提示-激活对偶性:通过注意力层干预改进激活引导
针对传统残差流引导在多轮对话中因KV缓存污染导致连贯性下降的问题,本研究提出门控裁剪注意力差值引导(GCAD)方法。该方法从系统提示对自注意力的贡献中提取引导信号,并通过令牌级门控机制施加干预,从而避免累积性污染。在角色引导实验中,GCAD在保持特质控制的同时,显著提升了长程对话的连贯性。在多轮基准测试中,它将平均连贯性漂移从-18.6改善至-1.9,并将第10轮的特质表达率从78.0%提升至93.1%。结果表明,沿模型已有的提示介导路径进行干预,能使激活引导更为可靠。
Activation steering controls language model behavior by adding directions to internal representations at inference time, but standard residual-stream steering can fail in stateful dialogue. We identify KV-cache contamination as a key failure mode: steered token states are stored and repeatedly reused, turning a local perturbation into cumulative coherence degradation. To address this challenge, we propose Gated Cropped Attention-Delta steering (GCAD), which extracts steering signals from system-prompt contributions to self-attention and applies them with token-level gating. Across persona-steering experiments, GCAD preserves trait control while substantially improving long-horizon coherence.
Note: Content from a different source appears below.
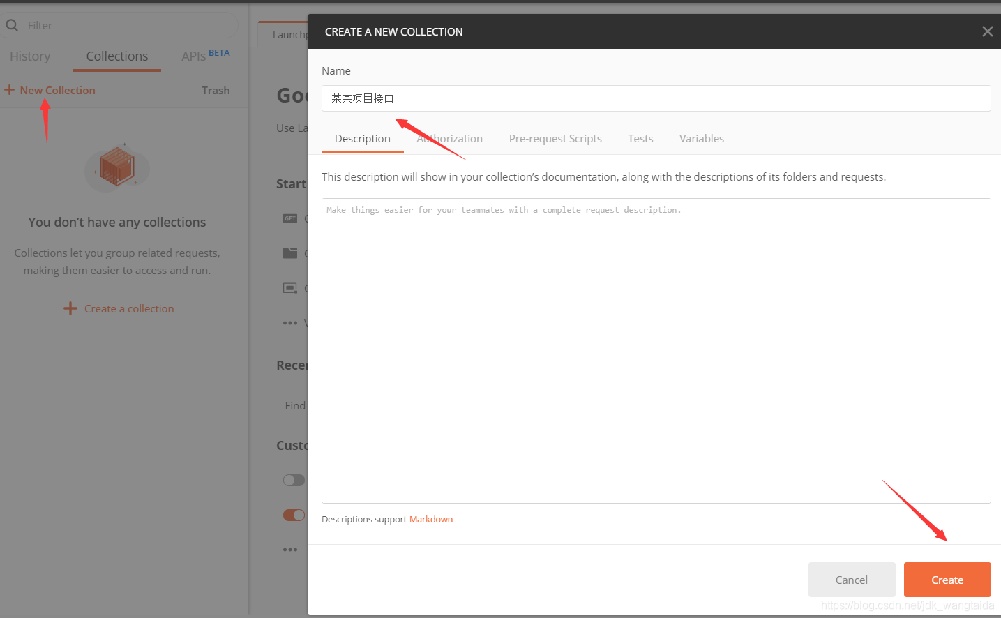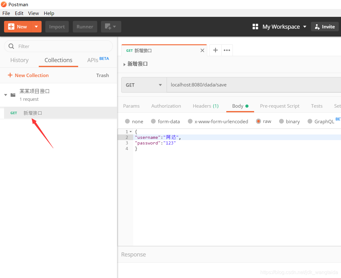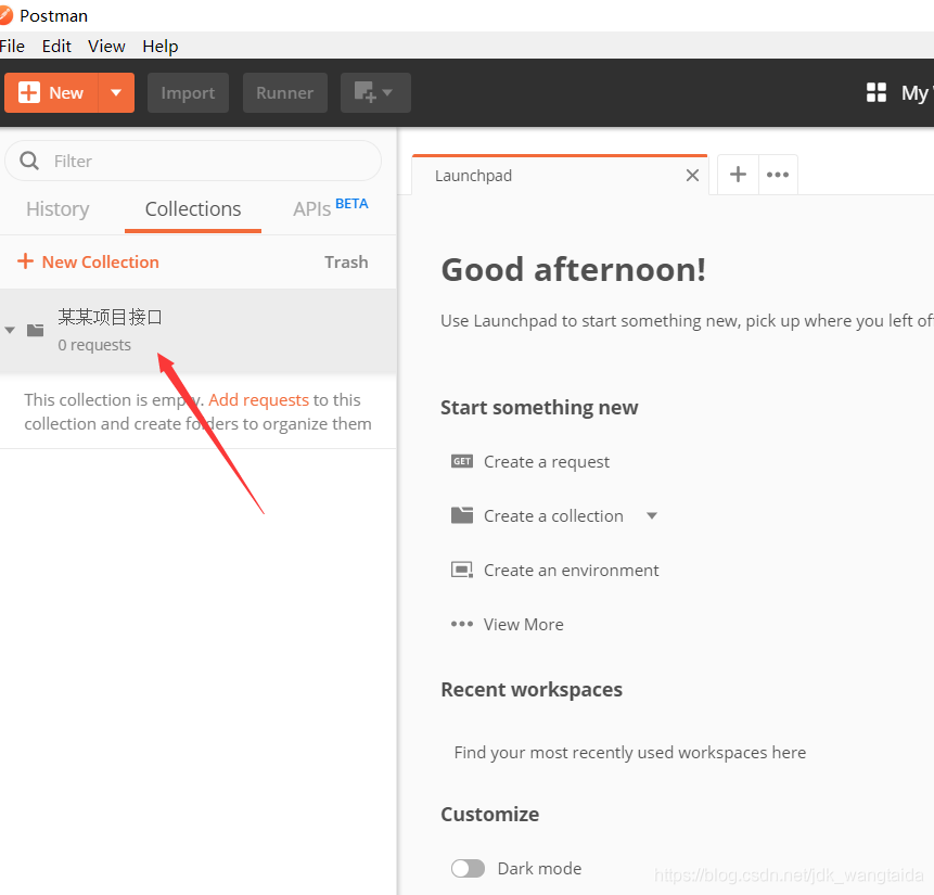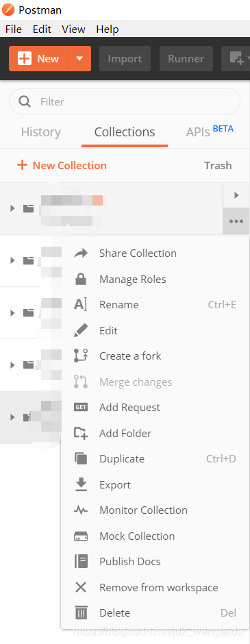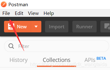 1.选择左边目录的New Collection,新建一个接口文件夹,建完后就会出现在左边的Collections的目录下

On the main multi-turn benchmark, GCAD improves average coherence drift from -18.6 to -1.9 and raises turn-10 trait expression from 78.0 to 93.1. These results suggest that activation steering becomes more reliable when interventions follow the prompt-mediated pathways that models already use for behavioral control.